An old besotted fool makes racist remarks while his very, very young girlfriend tapes him and the world comes unhinged. Every news outlet covers the story, players threaten to strike, he is stripped of ownership and banned for life. People are OUTRAGED at his behavior.
An extremist kidnaps 300 young girls, forces the Christians among them to convert to Islam and demands payment or they will be sold to the highest bidder – and the most anyone can muster is a Twitter campaign. No one has threatened to strike, no one has been stripped of any power and the only people who seem to be truly OUTRAGED are the parents of these girls.
A celebrity is constantly in trouble with the law, eggs neighbors’ houses, gets arrested constantly and people are OUTRAGED at his behavior and want him deported back to Canada.
A young pregnant Sudanese mother is sentenced to death for refusing to give up her Christianity. She has already been flogged for having intercourse with her husband because Sudan does not recognize her marriage to a Christian man because according to their law she is “really” Muslim because her father, who abandoned her at birth was Muslim – and therefore she has broken the law. This only warranted a small article on the newspaper and no one is particularly OUTRAGED by this incident – except maybe the young woman’s husband and small child.
A celebrity’s sister gets into a drunken brawl in an elevator and everyone is so OUTRAGED by her bad behavior that they keep showing the video over and over and over on television.
Women are dying, being tortured and imprisoned all over the world for standing up for their rights to think for themselves, pursue their dreams and just live the life they deserve and the lack of OUTRAGE is deafening. There are no protests about the flogging of women for driving or not wearing the right clothing in public. There are no sanctions against countries where women who have been raped must be hidden away so their families won’t kill them to preserve their “honor”. There are no repercussions for governments who strip women of all of their rights and treat them as a man’s property.

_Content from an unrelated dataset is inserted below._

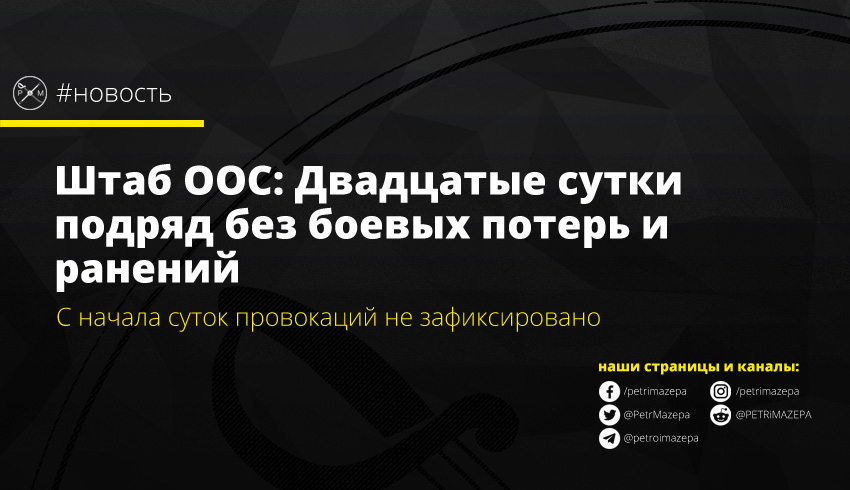 «Двадцатые сутки подряд, с тех пор объявлен режим прекращения огня, который вступил в силу с 27 июля, среди личного состава Объединенных сил боевых потерь и ранений нет. Наши защитники не теряют бдительности и готовы мгновенно реагировать на любые изменения оперативной обстановки», - говорится в вечерней сводке на странице Операции Объединенных Сил в Facebook.

Where is the National Organization for Women which is supposed to stand up for women? Are they so focused on making sure that American women have the right to choose and equal pay that they have lost sight of the fact that if women are mistreated ANYWHERE in the world it is not good for ANY WOMEN ANY WHERE?
When will the people in power in ALL countries – not just the United States – get OUTRAGED enough to take a stand – or have our leaders become the same kind of coward I am — afraid of what other countries will think – afraid that other countries will not follow.
We dishonor these brave women by our own lack of courage and lack of OUTRAGE at their treatment. I may be naive about how to stop the treatment of these women – but I can no longer be silent. I will let my OUTRAGE be known by anyone who will listen and if nothing else, I will know that I have honored their sacrifices and acknowledged their heroism.
I no longer wish to be part of the problem by being silent.